D’après Olivier Mauco, enseignant à Sciences Po et spécialiste des liens entre jeux vidéo et politique, les résultats des élections européennes ont agi « comme un électrochoc », incitant les acteurs du secteur à sortir de leur réserve. « C’est la première fois qu’ils prennent véritablement position sur un sujet extérieur à l’écosystème des jeux vidéo », a-t-il affirmé, indiquant qu’il y a « une forme de maturité » sur ces questions.
« Mais ce sont seulement quelques voix, ce n’est pas représentatif de toute l’industrie », nuance le fondateur de l’agence Game in Society. « Il faut que les langues se délient », a expliqué à l’AFP Jennifer Lufau, fondatrice de l’association Afrogameuses, « car ce sont les gros studios qui sont les pièces maîtresses ».
Bien qu’ils soient habituellement peu enclins à afficher des opinions politiques, par crainte d’aliéner une partie de leur public ou de porter atteinte à leur image, certains grands noms de l’industrie avaient pris position lors de l’invasion de l’Ukraine ou des manifestations Black Lives Matter. « Je pense qu’il y a des sujets plus consensuels, et d’autres beaucoup plus sensibles pour eux », regrette Jennifer Lufau.
Prise de parole
La mobilisation a été particulièrement perceptible du côté des streamers : le vidéaste Squeezie, deuxième youtubeur le plus suivi de France avec 18,9 millions d’abonnés et responsable de l’équipe d’e-sport Gentle Mates, a notamment pris position contre le RN dans une longue lettre adressée à ses abonnés.

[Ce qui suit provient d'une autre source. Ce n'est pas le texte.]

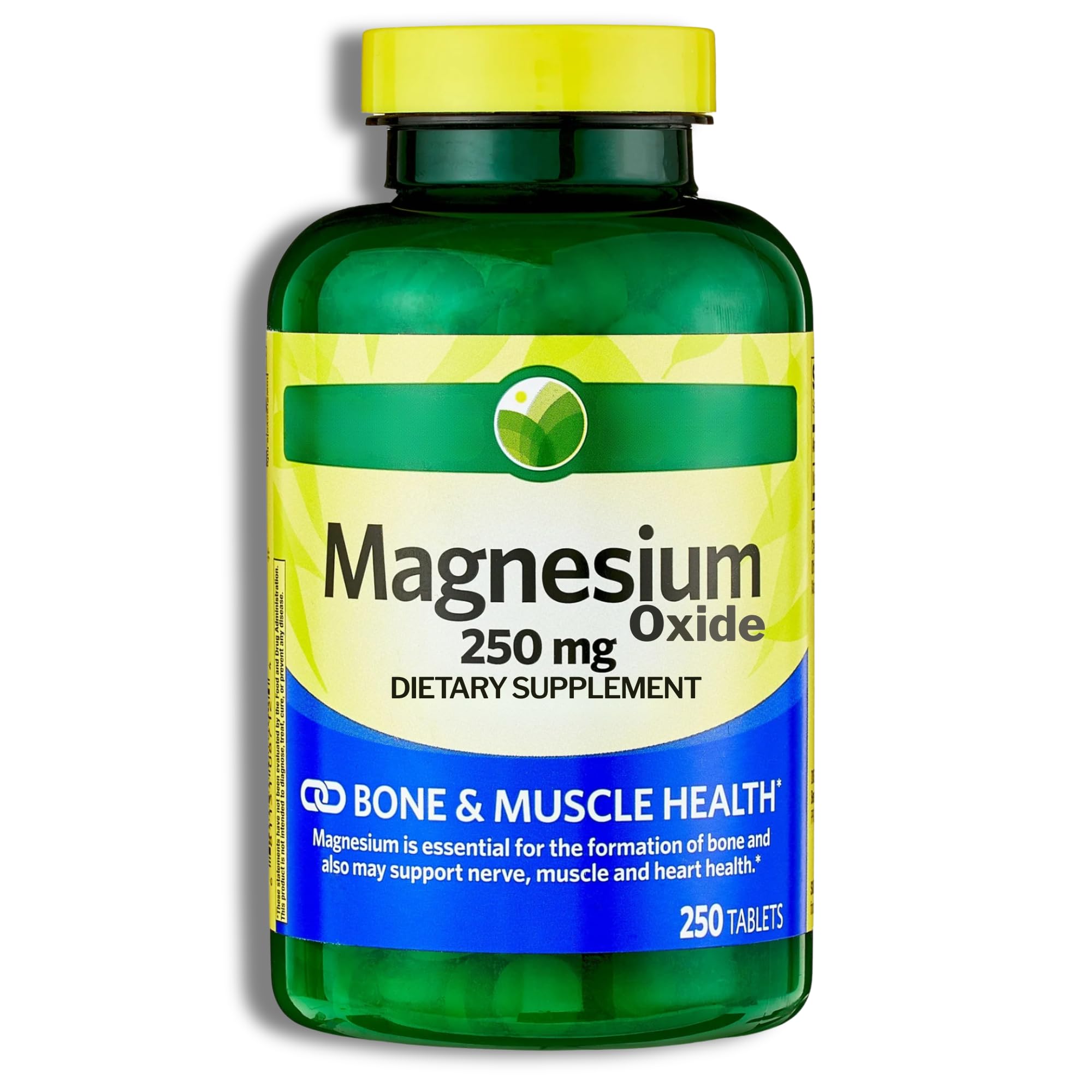 Magnesium Oxide 250 mg is a daily dietary supplement formulated to promote bone strength, muscle performance, and nerve function. Each tablet contains 250 mg of Magnesium Oxide, a key mineral that the body uses for hundreds of essential biochemical processes, including energy production, calcium regulation, and muscle relaxation. Magnesium Oxide is one of the most efficient forms for replenishing magnesium levels, making it ideal for those who may not get enough magnesium from diet alone. Regular intake helps support strong bones, proper muscle contraction, steady heart rhythm, and overall nervous system balance. With 250 tablets per bottle, this value-size supplement ensures consistent magnesium support for everyday health, helping you feel balanced, energized, and strong. ? Disclaimer: These statements have not been evaluated by the Food and Drug Administration (FDA). This product is not intended to diagnose, treat, cure, or prevent any disease. Consult your healthcare provider before starting any new supplement.5 ? Value Size Bottle: Includes 250 tablets, providing long-term supply and dependable support for your bone, nerve, and muscle health. 4 ? Essential Mineral for Wellness: Supports heart rhythm, enzyme function, and helps the body utilize nutrients effectively — ideal for daily wellness routines. 3 ? ? Nerve Energy Function: Magnesium plays a vital role in nerve transmission and energy production, helping your body function efficiently throughout the day. 2 ? Bone Muscle Support: Helps maintain strong bones and proper muscle function, supporting overall body strength and daily mobility. 1 ? ? Magnesium Oxide Formula: Each tablet provides 250 mg of Magnesium Oxide, an essential mineral that supports bone, muscle, and nerve health while promoting proper calcium balance in the body.

Le streamer Mistermv, l’un des vétérans de la scène gaming de Twitch en France (887.000 abonnés), a exprimé à plusieurs reprises sur les réseaux sociaux son opposition à l’extrême droite. « Je n’avais jamais vu autant de mobilisation politique sur internet pour une élection », déclare de son côté le streamer Ponce (790.000 abonnés sur Twitch), opposé de longue date à l’extrême droite, « c’est assez remarquable ».
Il reste toutefois difficile de mesurer l’impact de ces prises de position sur la communauté des joueurs, dont une partie rejette toute forme de discours politique.